SEATTLE – Once HIV positive men who have sex with men contract the hepatitis C virus, they are more likely to get it again, according a study of 305 men in New York.
Overall, 38 men (12%) picked up another HCV infection a median of 1.9 years after clearance of their first, yielding a reinfection rate was 4.4/100 person-years, “a solid seven times higher than the primary infection rate” among HIV-positive men who have sex with men (MSM), said senior investigator Daniel Fierer, MD, an associate professor of infectious diseases at Mount Sinai Hospital, New York.
Thirty-three men cleared their second infection. Of those, six picked up a third infection at a median of 1.1 years, yielding an overall third infection incidence of 8.7/100 person-years.
The results held no matter how the men cleared HCV, whether spontaneously, as in about 10%, or by interferon before 2013, and direct-acting antivirals (DAAs) after.
Most reinfections occurred within 2 years of initial clearance, but some occurred more than a decade later.

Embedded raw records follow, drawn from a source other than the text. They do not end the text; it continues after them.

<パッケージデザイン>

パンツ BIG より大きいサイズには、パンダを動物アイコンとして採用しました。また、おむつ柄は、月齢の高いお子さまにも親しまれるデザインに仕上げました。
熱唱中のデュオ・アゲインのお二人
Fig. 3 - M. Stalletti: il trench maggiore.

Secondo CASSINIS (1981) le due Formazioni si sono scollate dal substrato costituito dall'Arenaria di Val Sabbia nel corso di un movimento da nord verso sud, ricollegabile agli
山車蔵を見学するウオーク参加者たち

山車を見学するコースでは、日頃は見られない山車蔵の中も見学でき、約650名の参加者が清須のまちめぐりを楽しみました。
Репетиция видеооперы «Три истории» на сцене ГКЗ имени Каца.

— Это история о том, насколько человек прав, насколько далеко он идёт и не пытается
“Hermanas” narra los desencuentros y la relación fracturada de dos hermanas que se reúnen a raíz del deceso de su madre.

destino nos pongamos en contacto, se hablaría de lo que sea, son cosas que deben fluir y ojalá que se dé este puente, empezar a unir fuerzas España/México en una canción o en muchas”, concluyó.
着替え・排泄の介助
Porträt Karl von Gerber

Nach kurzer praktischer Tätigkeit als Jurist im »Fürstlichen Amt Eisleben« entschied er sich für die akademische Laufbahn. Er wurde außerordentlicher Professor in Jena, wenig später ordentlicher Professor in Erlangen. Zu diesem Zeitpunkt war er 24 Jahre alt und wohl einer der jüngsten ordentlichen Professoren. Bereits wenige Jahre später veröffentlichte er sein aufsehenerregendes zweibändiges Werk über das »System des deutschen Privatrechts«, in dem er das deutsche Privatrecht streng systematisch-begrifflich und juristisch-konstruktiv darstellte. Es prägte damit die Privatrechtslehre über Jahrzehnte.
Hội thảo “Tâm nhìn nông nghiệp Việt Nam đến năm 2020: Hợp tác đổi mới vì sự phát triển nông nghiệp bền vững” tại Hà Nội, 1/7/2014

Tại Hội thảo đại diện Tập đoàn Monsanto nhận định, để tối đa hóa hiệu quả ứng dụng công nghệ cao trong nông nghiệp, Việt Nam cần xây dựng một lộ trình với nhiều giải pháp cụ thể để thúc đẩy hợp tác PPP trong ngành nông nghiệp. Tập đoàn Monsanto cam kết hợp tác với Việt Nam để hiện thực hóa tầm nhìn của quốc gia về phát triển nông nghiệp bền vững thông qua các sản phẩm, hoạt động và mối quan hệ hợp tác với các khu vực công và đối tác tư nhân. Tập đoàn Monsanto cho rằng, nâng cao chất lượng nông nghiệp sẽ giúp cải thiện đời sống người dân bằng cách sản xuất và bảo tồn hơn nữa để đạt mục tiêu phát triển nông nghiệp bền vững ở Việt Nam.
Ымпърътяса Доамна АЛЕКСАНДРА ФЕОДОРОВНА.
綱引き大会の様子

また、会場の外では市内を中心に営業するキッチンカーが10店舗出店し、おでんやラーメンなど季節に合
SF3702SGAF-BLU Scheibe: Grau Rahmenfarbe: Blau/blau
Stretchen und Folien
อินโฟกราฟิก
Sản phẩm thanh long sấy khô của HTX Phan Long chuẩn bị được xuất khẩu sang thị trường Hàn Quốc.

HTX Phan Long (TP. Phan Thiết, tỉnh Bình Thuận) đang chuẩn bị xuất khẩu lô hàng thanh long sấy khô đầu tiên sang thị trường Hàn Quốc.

The results suggest that there’s a particular need for HCV prevention efforts among men who have previously cleared the infection. For those patients, testing for HCV at an annual HIV checkup might not be frequent enough, Dr. Fierer said at the Conference on Retroviruses and Opportunistic Infections.
“Long-term surveillance is warranted for all HIV-infected MSM after clearance of HCV infection. Further, strategies to reduce HCV reinfections are needed to meet the goal of eliminating HCV in these men,” he said.
Also, “the large difference between primary” and secondary infection “rates suggests HCV risk is not distributed evenly between HIV-infected MSM, but concentrated among a small subpopulation. By definition, this subpopulation would have a higher prevalence” of risky behavior, such as condomless receptive anal sex and sexualized injection methamphetamine use, he said.
The high reinfection rate “tells us basically that we have not done a good job of” preventing infection and reinfection among at risk, HIV-positive men. There’s an “inadequate level of HCV treatment ... we need to eliminate restrictions on DAA” access, Dr. Fierer said.
As far as prevention goes, “I believe we just don’t know what to do. I tell all of my patients about the body fluids that have HCV in them,” which is a good start, he said.
The median age at first clearance was about 45 years, 82% of the men were white, and there was about a 50-50 split between people with private and public insurance.
The work was funded by Gilead. Dr. Fierer did not mention any disclosures.